Work item: Copy exactly the stretch of data below from the line with "黄山・飛来石と雲海(イメージ)" through the line with "het Mémorial de", including both of those lines.

Stored dataset items:

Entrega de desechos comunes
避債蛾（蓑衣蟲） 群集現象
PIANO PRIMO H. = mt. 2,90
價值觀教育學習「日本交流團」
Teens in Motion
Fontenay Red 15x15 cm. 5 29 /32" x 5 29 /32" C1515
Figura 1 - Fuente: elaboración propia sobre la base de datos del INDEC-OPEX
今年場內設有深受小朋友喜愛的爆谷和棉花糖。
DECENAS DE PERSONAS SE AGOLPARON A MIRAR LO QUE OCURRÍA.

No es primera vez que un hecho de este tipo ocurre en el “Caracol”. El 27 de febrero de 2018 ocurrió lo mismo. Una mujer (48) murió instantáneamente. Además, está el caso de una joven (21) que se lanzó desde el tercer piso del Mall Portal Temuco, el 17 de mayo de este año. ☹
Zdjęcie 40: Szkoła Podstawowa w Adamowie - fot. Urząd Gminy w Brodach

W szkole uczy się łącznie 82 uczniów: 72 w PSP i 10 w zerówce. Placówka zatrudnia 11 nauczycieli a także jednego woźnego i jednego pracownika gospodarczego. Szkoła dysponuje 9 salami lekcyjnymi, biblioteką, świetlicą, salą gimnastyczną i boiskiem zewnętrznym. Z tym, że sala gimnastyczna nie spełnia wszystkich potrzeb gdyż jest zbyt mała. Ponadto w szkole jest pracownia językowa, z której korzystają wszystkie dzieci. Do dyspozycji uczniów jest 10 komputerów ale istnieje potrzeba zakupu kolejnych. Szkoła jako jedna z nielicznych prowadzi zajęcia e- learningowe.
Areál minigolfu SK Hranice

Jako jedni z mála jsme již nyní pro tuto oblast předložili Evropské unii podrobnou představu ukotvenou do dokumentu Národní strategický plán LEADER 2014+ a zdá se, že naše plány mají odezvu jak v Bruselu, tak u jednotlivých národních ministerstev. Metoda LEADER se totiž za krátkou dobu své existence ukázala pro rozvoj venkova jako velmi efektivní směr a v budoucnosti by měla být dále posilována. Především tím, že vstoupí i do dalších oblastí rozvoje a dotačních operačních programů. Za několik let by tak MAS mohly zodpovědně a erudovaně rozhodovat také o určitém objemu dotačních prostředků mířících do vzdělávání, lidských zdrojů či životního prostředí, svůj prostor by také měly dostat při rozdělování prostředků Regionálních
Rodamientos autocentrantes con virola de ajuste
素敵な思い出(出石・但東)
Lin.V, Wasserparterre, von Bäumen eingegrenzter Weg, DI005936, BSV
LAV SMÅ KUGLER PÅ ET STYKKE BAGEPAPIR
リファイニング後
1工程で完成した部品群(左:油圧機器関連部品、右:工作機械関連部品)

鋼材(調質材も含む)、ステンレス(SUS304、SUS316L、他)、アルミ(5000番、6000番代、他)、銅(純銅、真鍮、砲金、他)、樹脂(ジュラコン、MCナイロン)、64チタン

---

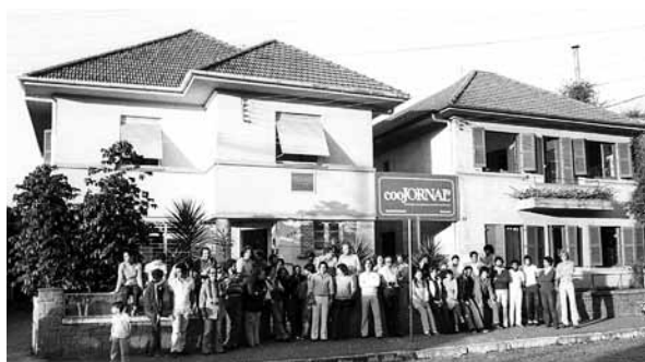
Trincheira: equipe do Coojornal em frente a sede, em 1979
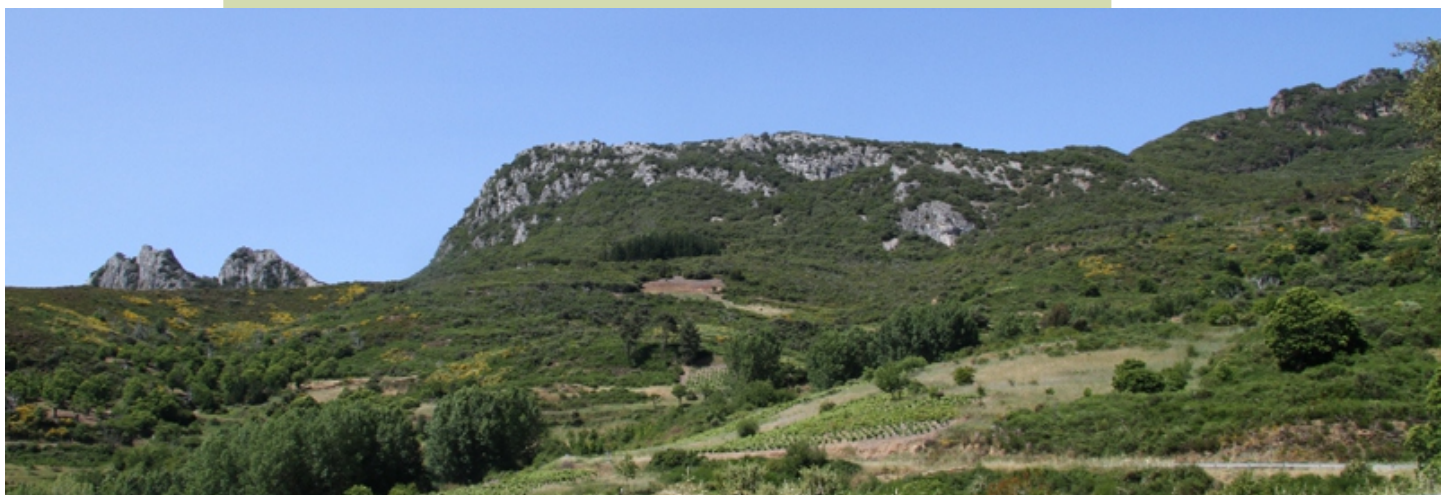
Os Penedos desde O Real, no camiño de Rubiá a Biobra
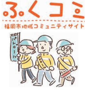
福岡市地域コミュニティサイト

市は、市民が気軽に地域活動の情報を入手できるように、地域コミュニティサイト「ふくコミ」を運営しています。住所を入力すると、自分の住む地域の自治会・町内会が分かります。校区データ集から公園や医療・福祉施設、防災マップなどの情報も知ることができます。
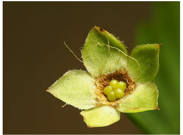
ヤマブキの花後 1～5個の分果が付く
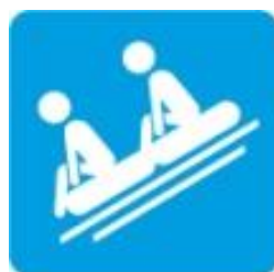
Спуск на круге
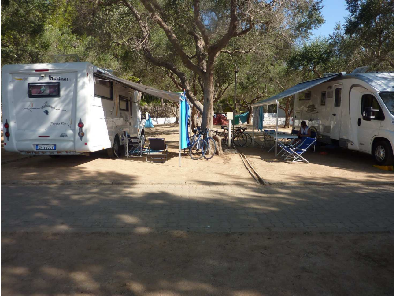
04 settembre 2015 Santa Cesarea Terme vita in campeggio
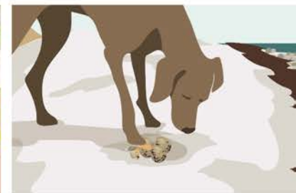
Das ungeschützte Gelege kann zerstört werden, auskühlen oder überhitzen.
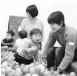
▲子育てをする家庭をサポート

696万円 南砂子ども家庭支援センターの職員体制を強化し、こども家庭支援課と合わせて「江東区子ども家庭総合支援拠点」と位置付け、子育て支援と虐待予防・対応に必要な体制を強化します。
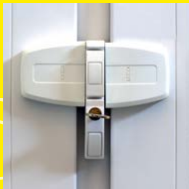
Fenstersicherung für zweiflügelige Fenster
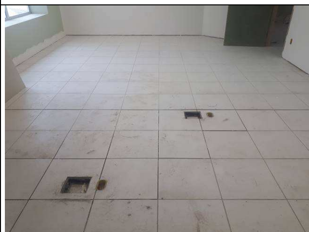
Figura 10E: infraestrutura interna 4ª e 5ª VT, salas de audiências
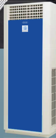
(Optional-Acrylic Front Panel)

...

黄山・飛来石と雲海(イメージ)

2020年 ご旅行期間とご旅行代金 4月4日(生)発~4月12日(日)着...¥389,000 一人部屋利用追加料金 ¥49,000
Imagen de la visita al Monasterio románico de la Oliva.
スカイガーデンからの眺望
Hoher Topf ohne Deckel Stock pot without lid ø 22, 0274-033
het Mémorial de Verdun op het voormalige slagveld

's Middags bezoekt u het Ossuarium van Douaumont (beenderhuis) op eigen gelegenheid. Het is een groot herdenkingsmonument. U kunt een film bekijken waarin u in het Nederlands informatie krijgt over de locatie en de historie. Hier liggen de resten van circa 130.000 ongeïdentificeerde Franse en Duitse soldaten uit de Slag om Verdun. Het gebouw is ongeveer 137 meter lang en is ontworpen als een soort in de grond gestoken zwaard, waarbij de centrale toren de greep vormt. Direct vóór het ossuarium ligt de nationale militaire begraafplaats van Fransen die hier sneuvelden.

Solution to the exercise:
黄山・飛来石と雲海(イメージ)

2020年 ご旅行期間とご旅行代金 4月4日(生)発~4月12日(日)着...¥389,000 一人部屋利用追加料金 ¥49,000
Imagen de la visita al Monasterio románico de la Oliva.
スカイガーデンからの眺望
Hoher Topf ohne Deckel Stock pot without lid ø 22, 0274-033
het Mémorial de Verdun op het voormalige slagveld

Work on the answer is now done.